How many Virginia secondary routes retain their number when they cross county lines?
Most Virginia secondary roads that cross county borders
do not change route numbers (note that I exclude cases where a city is involved, since Virginia cities generally do not sign secondaries, nor cases where a county boundary is also a town boundary on one side for the same reason).
The two secondaries that I can immediately think of in Northern Virginia that cross the line are 620 (Hoo mentioned that one); 612 (Yates Ford Road) between Prince William and Fairfax Counties); and 659 between Prince William and Loudoun Counties.
621 (Freemans Ford Road) crosses the Rappahannock River (also the border between Culpeper County and Fauquier County).
Then there's the matter of 601 that roughly straddles the boundary between Clarke and Loudoun Counties at the crest of the Blue Ridge (and passes by the federal Mount Weather complex, much beloved by conspiracy theorists).
606 exists in Fairfax and Loudoun Counties, but it "gaps" at the county line, because it crosses into the Town of Herndon on the Fairfax County side, though Herndon is the
rare Virginia municipality that signs at least one secondary road (this one) within its corporate limits.

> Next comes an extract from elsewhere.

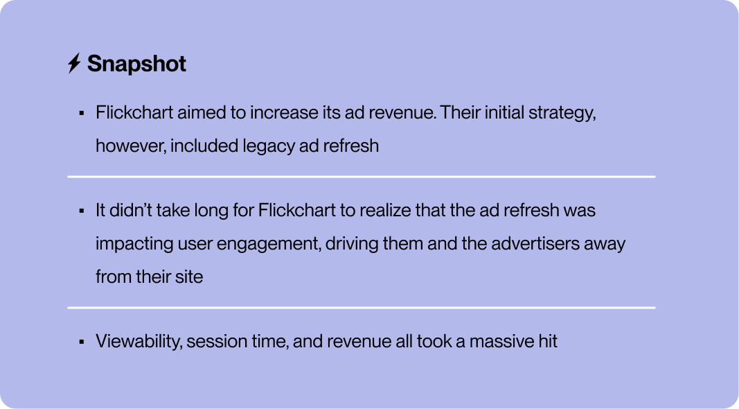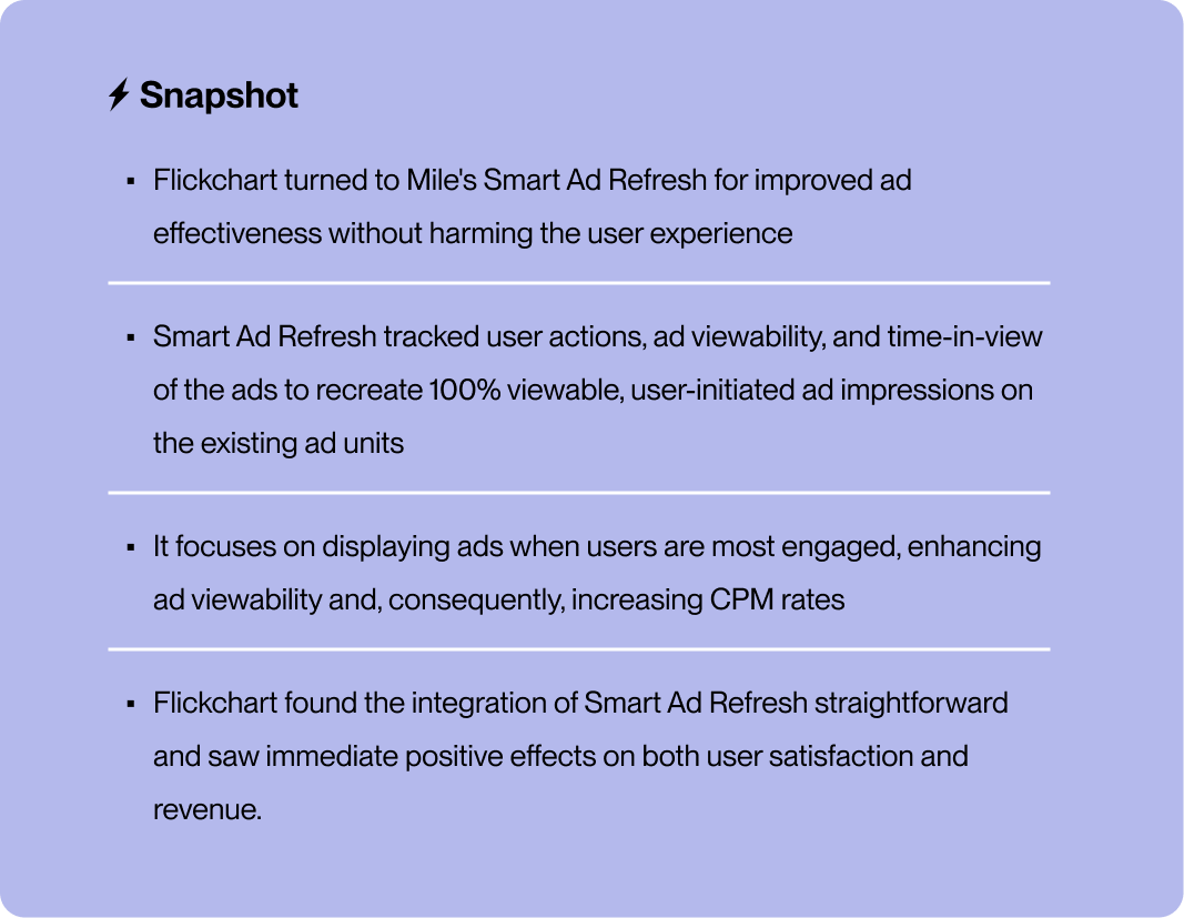The search for a better solution led Flickchart to Mile’s Smart Ad Refresh.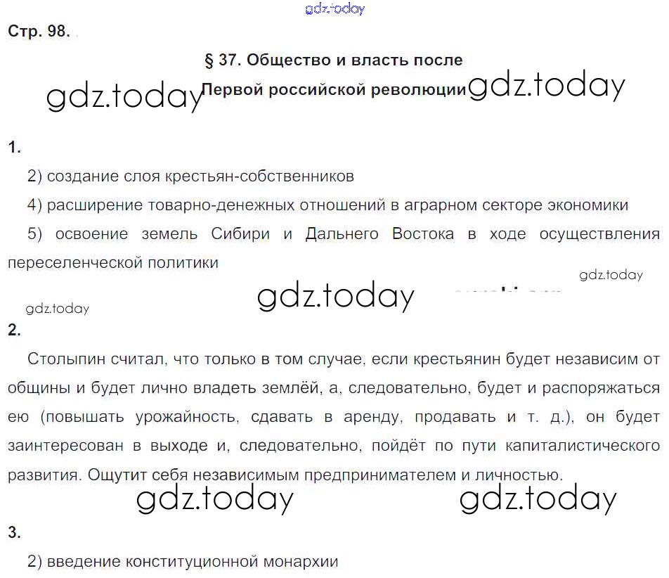 На страницах сайта gdz.today вы найдете учебный и вспомогательный материал, направленный на улучшения знаний школьной программы. ГДЗ - онлайн мир знаний Страницы (решение) 98 Рабочей тетради по Истории России для 9 класса Симонова, Клоков Дрофа Вертикаль 2017

On the other side of Herndon, the VDOT-posted route number happily resumes.
Post Merge: October 16, 2016, 09:57:45 PM
I believe most do, but I am sure there are exceptions that keep me from thinking of any sort of a percentage.
I cannot name a secondary route in Virginia that changes numbers at a county line, though there's probably somewhere a primary route that becomes a secondary at a county line, which means the route number has to change.